Of the 8 teams that advanced from the third round, Finlays Horticulture was the only remaining FKF Division One side in the tournament. The other 7 clubs were from the Premier League.
12 October 2013
Mathare United 0 - 0 Sony Sugar
  Mathare United: Monday
12 October 2013
Gor Mahia 2 - 0 Western Stima
  Gor Mahia: Sserunkuma 38', 45', Kiongera
  Western Stima: Ogutu, Kemboi
13 October 2013
Sofapaka 1 - 0 Finlays Horticulture
  Sofapaka: Baraza 69', Wanyama
  Finlays Horticulture: Chole
13 October 2013
Karuturi Sports 0 - 3 A.F.C. Leopards
  A.F.C. Leopards: Okwemba 6', Wanga 8', 62', Imbalambala

==Semi-finals==
The semi-finals were played on the weekend of 19–20 October at the Moi International Sports Centre in Kasarani.
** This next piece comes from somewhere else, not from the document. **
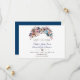 Buquê elegante, delicado, azul empoeirado, rosa aquarela-doce, sobre fundo branco; no fundo, um fundo azul marinho. Uma escolha excelente para todos os casamentos sazonais, especialmente para o outono, ou casamentos no inverno. Use a ferramenta Personalizar para adicionar suas informações e alterar as cores das fontes. Para encontrar itens, por favor, visite minha Coleção de Flores de Rosa Azul Dusty.

Controversy followed the match between Gor Mahia and Sony Sugar when fans of the former invaded the match to attack the latter while celebrating the win. Goalkeeper Wycliffe Kasaya and other players were injured in the fray and admitted to hospital later on.
19 October 2013
Gor Mahia 0 - 0 Sony Sugar
  Gor Mahia: Njuguna
  Sony Sugar: Odette, Ochieng, Atuta, Kasaya
20 October 2013
Sofapaka 0 - 2 A.F.C. Leopards
  Sofapaka: Wanyama
  A.F.C. Leopards: Wanga 39', Wafula 84'

==Third place playoff==
The third place playoff was played on 16 November 2013 at the Nairobi City Stadium.
16 November 2013
Sofapaka 2 - 1 Sony Sugar
  Sofapaka: Baraza 72', Juma 85'
  Sony Sugar: Chamberi 13'

==Final==

The final was played on Sunday 17 November at the Nyayo National Stadium. It was the final Nairobi derby match of the season. Noah Wafula was named Man of the Match and Player of the Tournament after the game.
17 November 2013
Gor Mahia 0 - 1 A.F.C. Leopards
  A.F.C. Leopards: Opiyo 52'

==See also==
- 2013 Kenyan Premier League
- 2013 Kenyan Super Cup (pre-season)
- 2013 Kenyan Super Cup (post-season)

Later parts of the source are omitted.